Talvez tenha sido toda a frustração de uma época muito aquém do esperado de Kristoff a vir ao de cima, ou então, Boasson Hagen viu mesmo uma oportunidade - se calhar única - e tentou agarrá-la. "Estava bastante chateado quando cortei a meta porque ele podia ter feito o lançamento perfeito, mas acabámos por terminar em sexto e sétimo. Isso não é nada para trazer para casa", desabafou Kristoff ao Cycling News.

Boasson Hagen terminou mesmo à frente do colega que era o líder da equipa. "Era para o Alex. Eu nunca ataquei, mas tentei seguir o Van Avermaet e o Terpstra quando eles tentaram [atacar]. Depois chegou o sprint. Tentei fazê-lo e tinha esperança de o fazer para o Alex, mas não funcionou assim", explicou o norueguês.

Kristoff viu as coisas de maneira diferente: "Eu estava na roda do Edvald a 500 metros [da meta] e estava a pensar que ele devia sair, mas infelizmente para mim ele estava à espera e à espera e depois fez o seu sprint. Eu estava quase a passá-lo, mas ele também foi [ao sprint] e eu perdi um pouco de ritmo e a partir daí nunca fiquei numa posição para ganhar." O ciclista da Katusha disse ainda que tem a certeza que Boasson Hagen o viu: "Ele olhou para trás e viu-me na roda dele e não reagiu."
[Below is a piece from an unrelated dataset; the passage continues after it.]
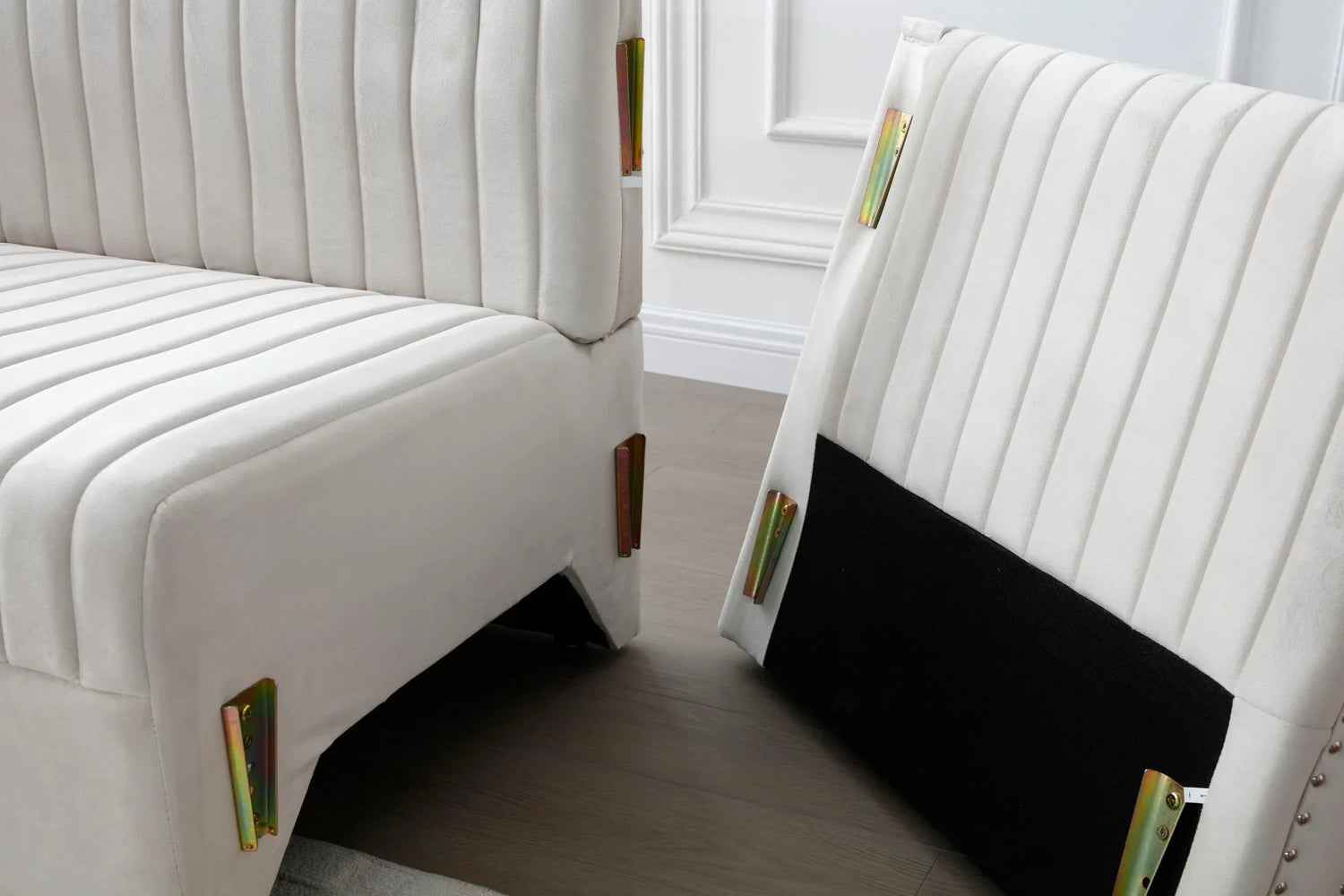 Contemporary Vertical Channel Tufted Velvet Sectional Sofa For Living Room With 4 Pillows - Beige is backordered and will ship as soon as it is back in stock.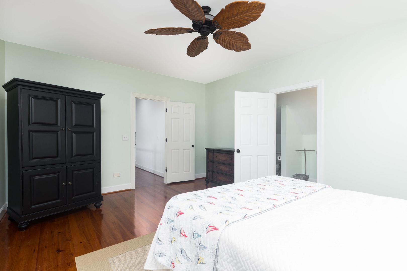 Inviting coastal bedroom with a queen bed and smart TV and dresser storage and an en-suite bathroom

Ambos os ciclistas têm 29 anos, ambos têm 56 vitórias como profissionais. Porém, em 2014 e 2015 Alexander Kristoff consagrou-se como um dos melhores sprinters e também um homem de clássicas, tendo já vencido a Milano-Sanremo e a Volta a Flandres. 2016 foi um ano fraco, comparativamente com os dois anteriores. Somou dez vitórias, mas passou ao lado das principais competições. Boasson Hagen renasceu na Dimension Data, depois de ter sido um gregário importante na Sky. Tem nove vitórias em 2016, incluindo os títulos nacionais de contra-relógio e da prova de fundo.

O sexto lugar de Boasson Hagen até pode ser visto como um bom resultado, já Kristoff voltou a desiludir. Tendo em conta que a Noruega até tinha dois bons homens no grupo que decidiu o título mundial (algo que a Alemanha e França, por exemplo, não conseguiram fazer), certamente que este desentendimento não foi bem visto pelos responsáveis e vai deixar marcas na relação entre os dois noruegueses.